**PROBLEM:**
Only one stretch of the records below should be repeated. It starts with the line containing "①这是首次开始使用排名系统。" and goes on through the line containing "Fauteuil ethnique en", exactly as written.

───── DATA SUPPLIED

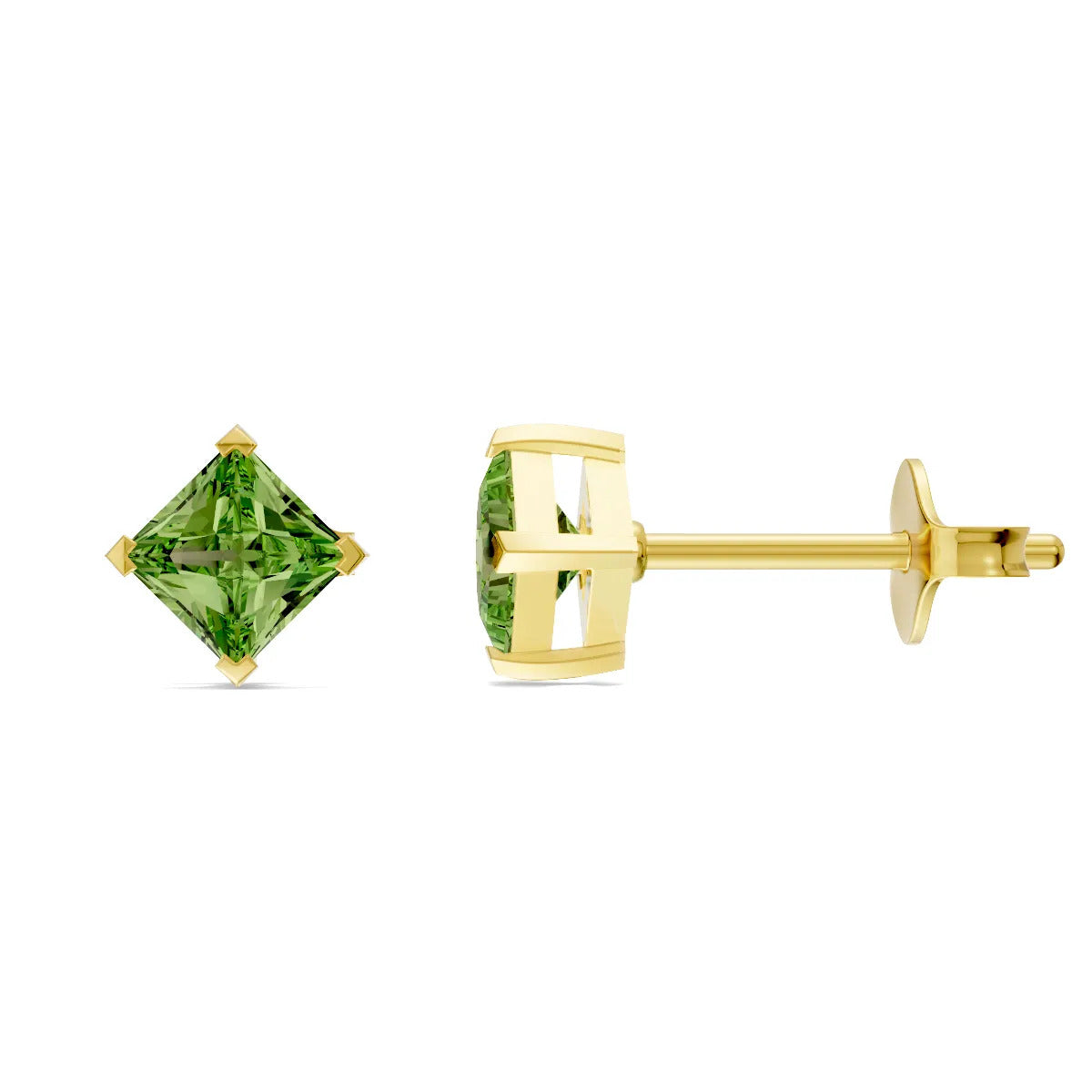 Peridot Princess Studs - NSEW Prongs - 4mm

──────────
───── DATA SUPPLIED

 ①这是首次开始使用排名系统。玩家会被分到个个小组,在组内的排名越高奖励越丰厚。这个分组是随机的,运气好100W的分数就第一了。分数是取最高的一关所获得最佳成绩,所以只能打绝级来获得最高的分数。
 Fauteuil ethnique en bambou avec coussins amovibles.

──────────
───── DATA SUPPLIED

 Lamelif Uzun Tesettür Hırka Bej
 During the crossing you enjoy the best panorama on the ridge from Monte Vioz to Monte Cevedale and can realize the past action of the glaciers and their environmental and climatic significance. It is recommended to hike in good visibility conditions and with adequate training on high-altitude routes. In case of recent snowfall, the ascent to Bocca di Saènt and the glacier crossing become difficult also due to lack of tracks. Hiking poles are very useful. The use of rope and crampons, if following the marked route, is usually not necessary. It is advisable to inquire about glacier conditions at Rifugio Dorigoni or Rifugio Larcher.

──────────

**RESPONSE TO THIS TASK:**
 ①这是首次开始使用排名系统。玩家会被分到个个小组,在组内的排名越高奖励越丰厚。这个分组是随机的,运气好100W的分数就第一了。分数是取最高的一关所获得最佳成绩,所以只能打绝级来获得最高的分数。
 Fauteuil ethnique en bambou avec coussins amovibles.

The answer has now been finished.